The effects of degradable starch microspheres (DSM) on mitomycin C pharmacokinetics and bone marrow toxicity were studied in a phase II multicenter study. Sixty-three patients with non-resectable primary or secondary liver cancer were randomized to receive either i.a. mitomycin C 15 mg/m2 first, followed 5 weeks later by mitomycin C 15 mg/m2 plus DSM 360 mg administered into the hepatic artery (group I) or the same treatments in the opposite sequence (group II). In 36 out of 47 patients who received at least 2 treatments, peripheral venous blood samples were analyzed for mitomycin C pharmacokinetics on a minimum of 2 paired courses. In all patients, the area under the concentration time curve (AUC) was significantly lower when the drug was co-administrated with DSM, but the terminal half-life (t1/2) of mitomycin C was unchanged.
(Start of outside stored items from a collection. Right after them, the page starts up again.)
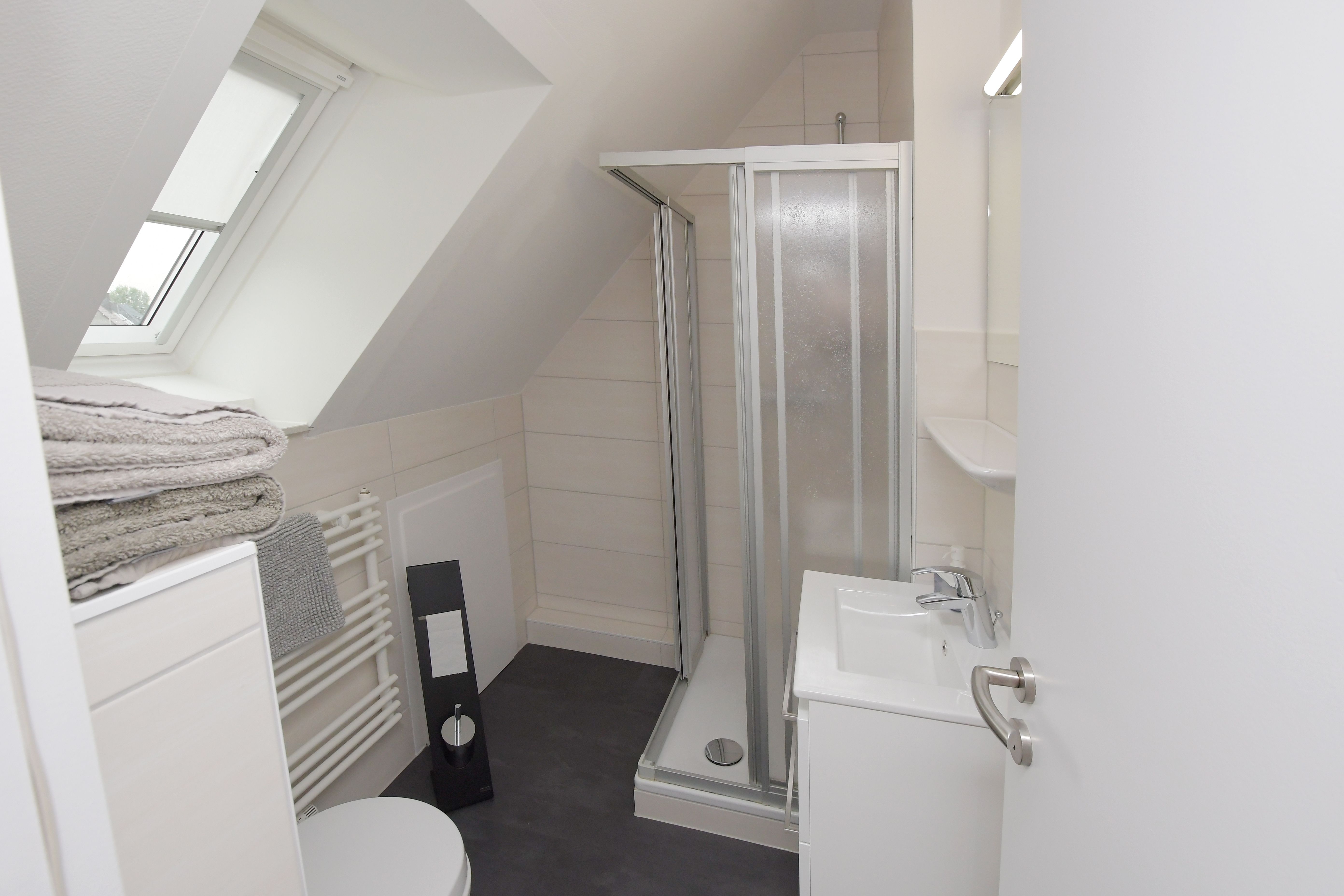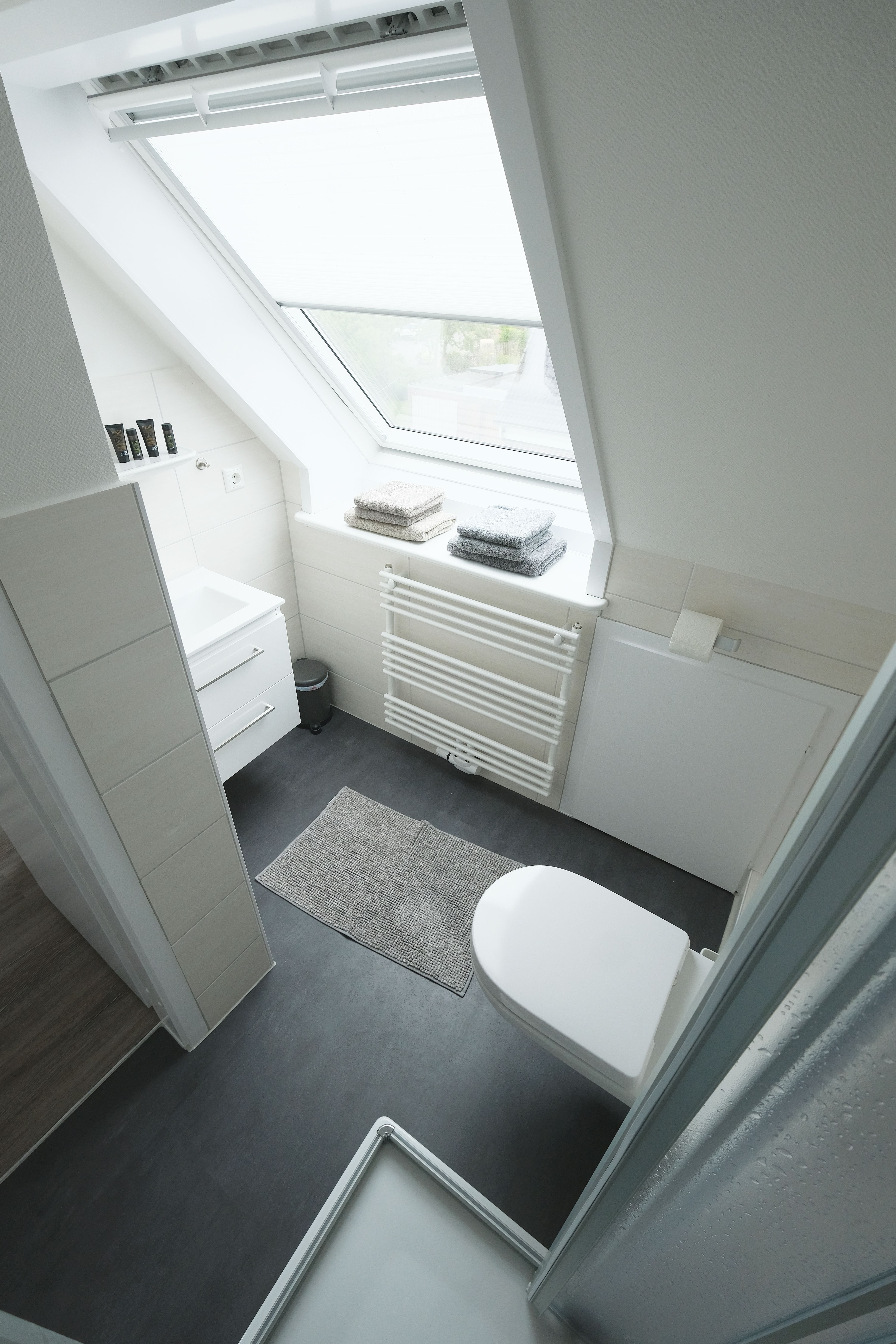 • Helles Duschbad/WC mit Tageslicht.
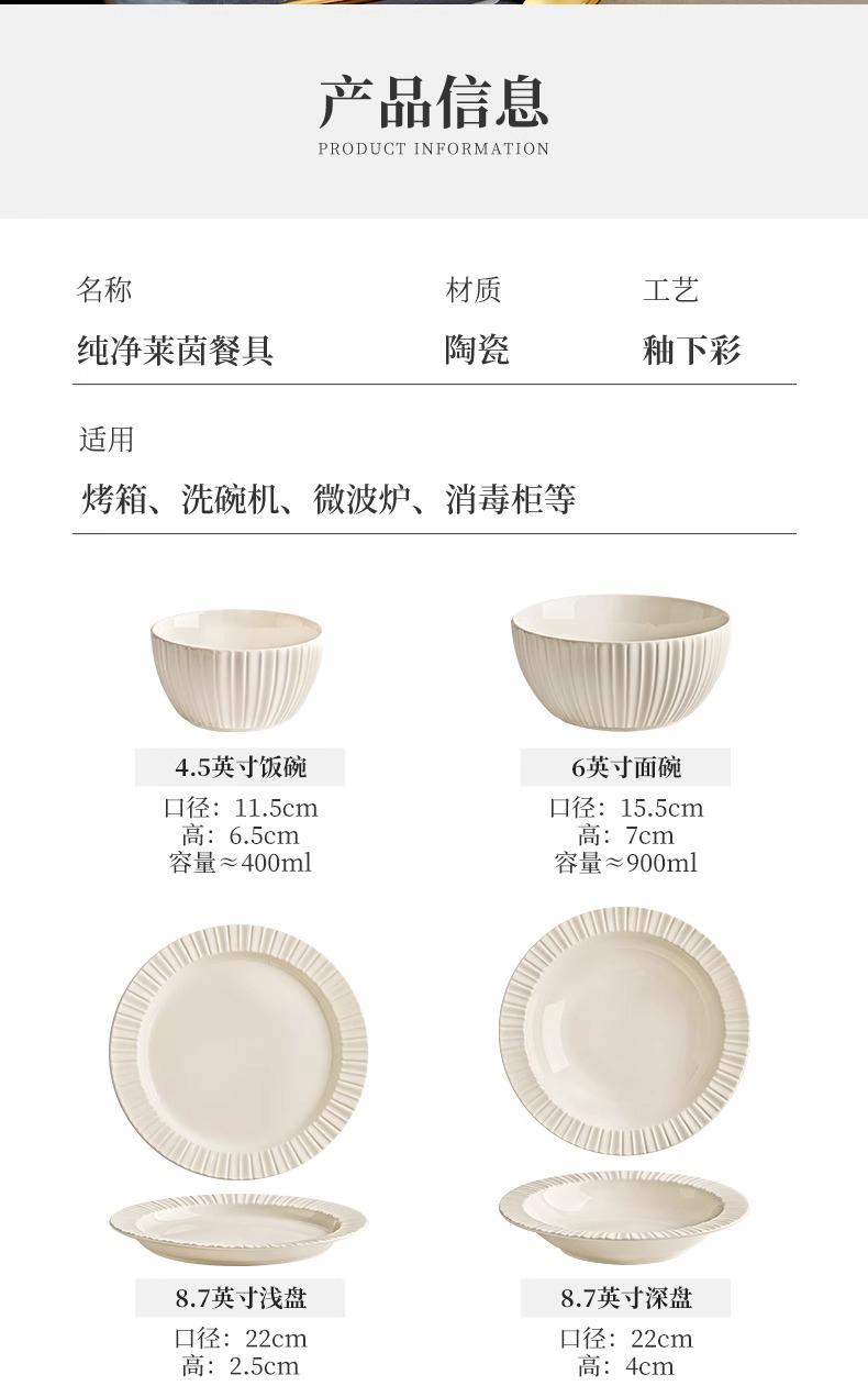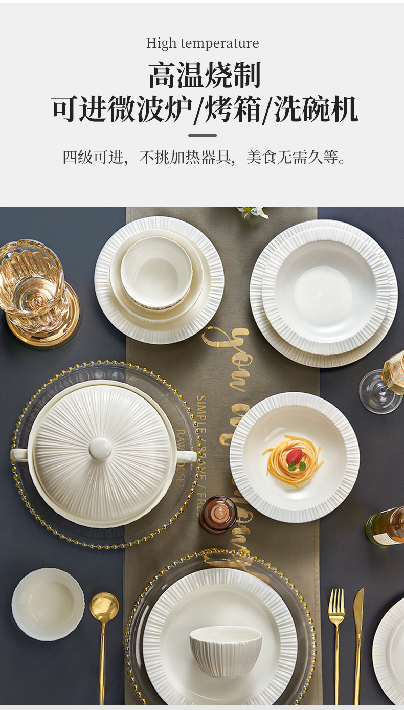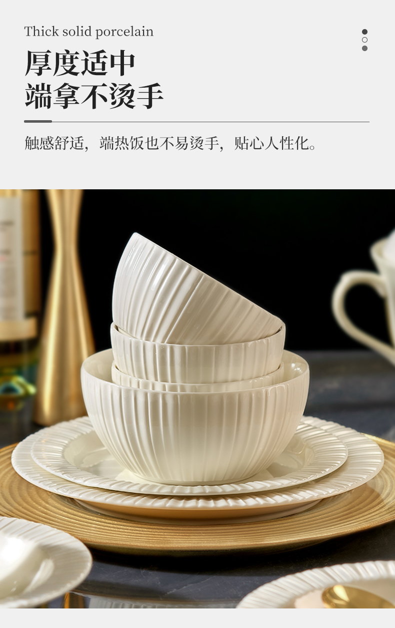 高级感碗碟套装家用2025新款陶瓷盘子碗筷纯白釉下彩餐具乔迁新居
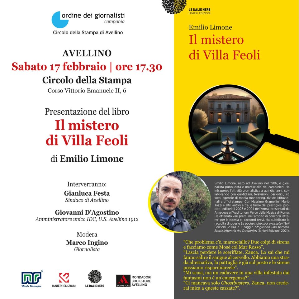 “Il mistero di Villa Feoli”, la cui uscita è prevista per il 16 febbraio, è già pronto al tour di presentazioni, in giro per la Penisola, e la prima nazionale si terrà in Irpinia, terra d’origine di Emilio Limone: pur mancando dalla sua terra da molti anni, nel cuore dell’autore non è venuto mai meno il senso di appartenenza a tal punto che per questo suo primo romanzo ha scelto di dedicarle la provenienza geografica e la squadra del cuore del protagonista del romanzo.
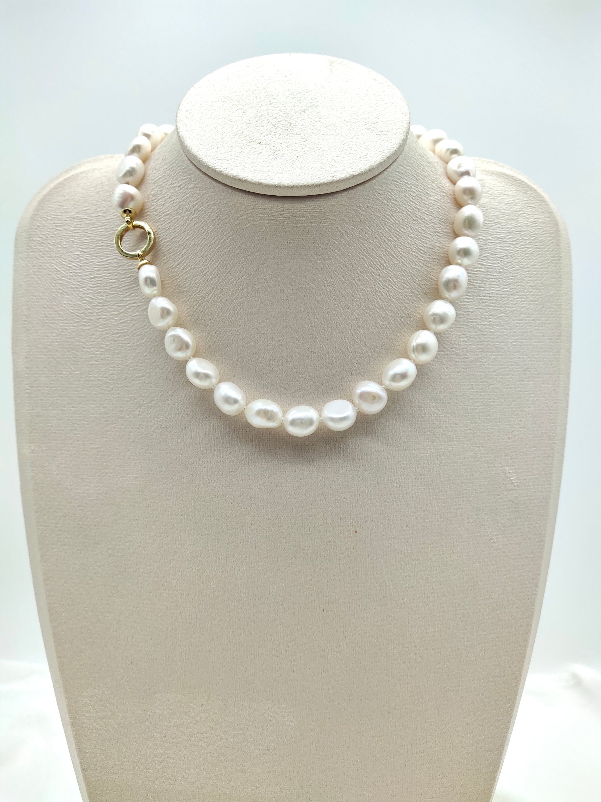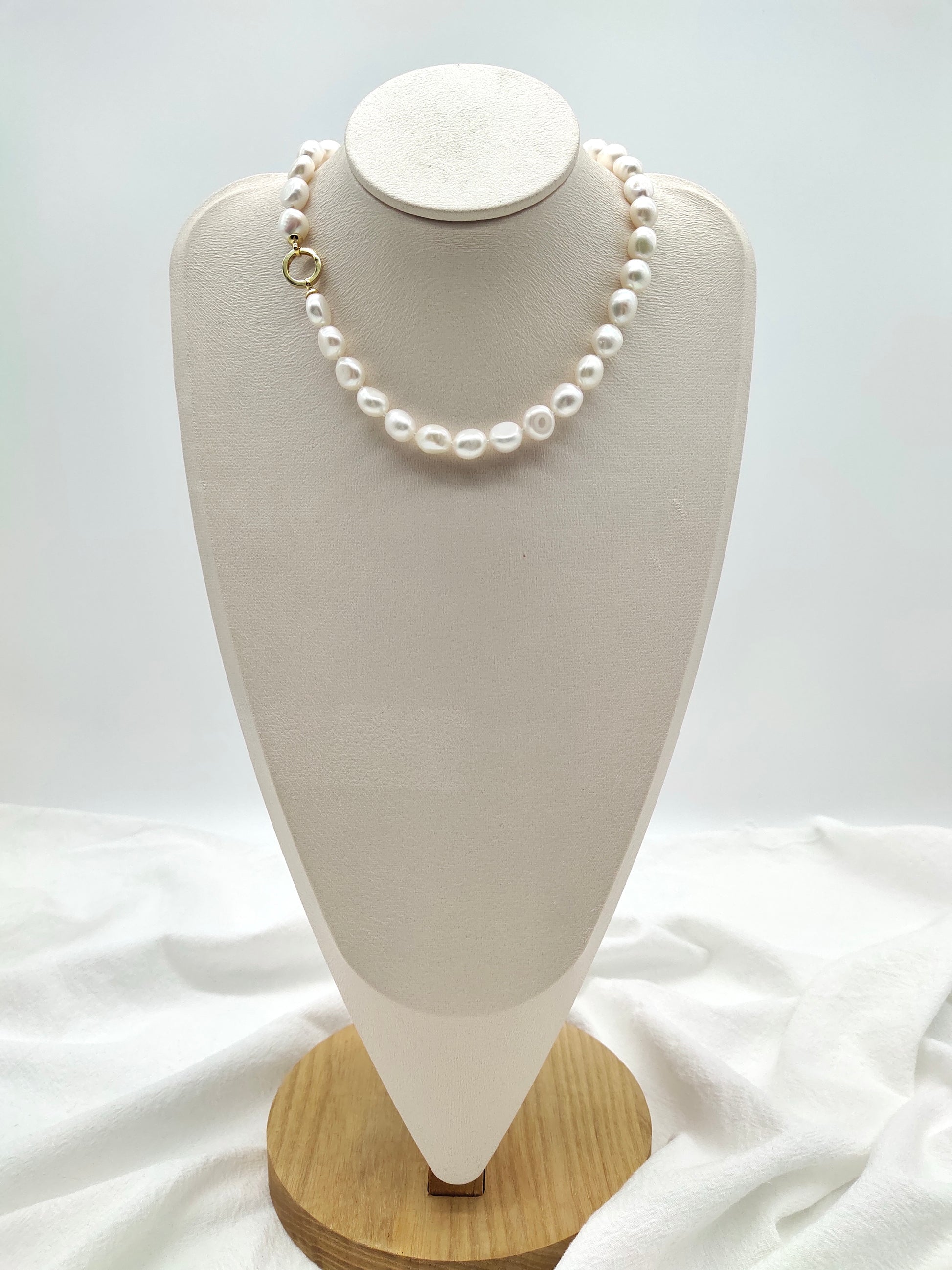 A beautiful new style in our necklace collection. Pearls will vary between each necklace as they are a natural product. The each pearl measures approximately 9.5mm -10mm.
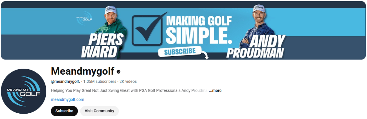 - Overview: Me and My Golf is a popular golf instruction channel on YouTube that is run by PGA professionals Andy Proudman and Piers Ward. These professionals have collectively taught thousands of golf lessons, also taking to YouTube to make instruction more accessible and build a sense of community.
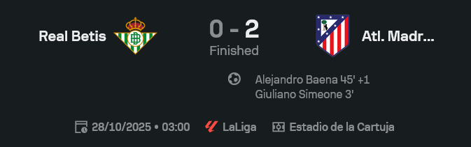 ถ้ามองมุม วิเคราะห์บอล เกมนี้ เบติสถือว่าทำได้ดีในเชิงรูปเกม พวกเขาครองบอลและสร้างโอกาสได้มากกว่า แต่ปัญหาใหญ่คือ “จบสกอร์ไม่ลง” และเจอกำแพงที่ชื่อ ยาน โอบลัค ซึ่งคว้าตำแหน่ง Man of the Match ไปแบบไม่ค้านสายตา ด้าน แอตฯ มาดริด โชว์ความเฉียบขาดเหมือนเดิม ยิงน้อยแต่มีคุณภาพ เล่นตามแผนซิเมโอเน่แบบเป๊ะ เกมรับแน่นเปรี๊ยะ ไม่มีหลุดเลยตลอด 90 นาที นี่คือบอลที่ถ้าพลาดแม้แต่นิดเดียวก็โดนลงโทษทันที

In group I the addition of DSM resulted in a significantly lowered AUC, but not in group II. The discrepancy between the 2 groups is probably due to differences in DSM-induced intra-hepatic shunting. The addition of DSM resulted in significantly higher platelet nadir values, but unchanged white blood cell count nadir value. In conclusion, DSM reduce the systemic exposure of mitomycin C and seem to lessen the haematologic toxicity judged from a less pronounced decrease in platelets.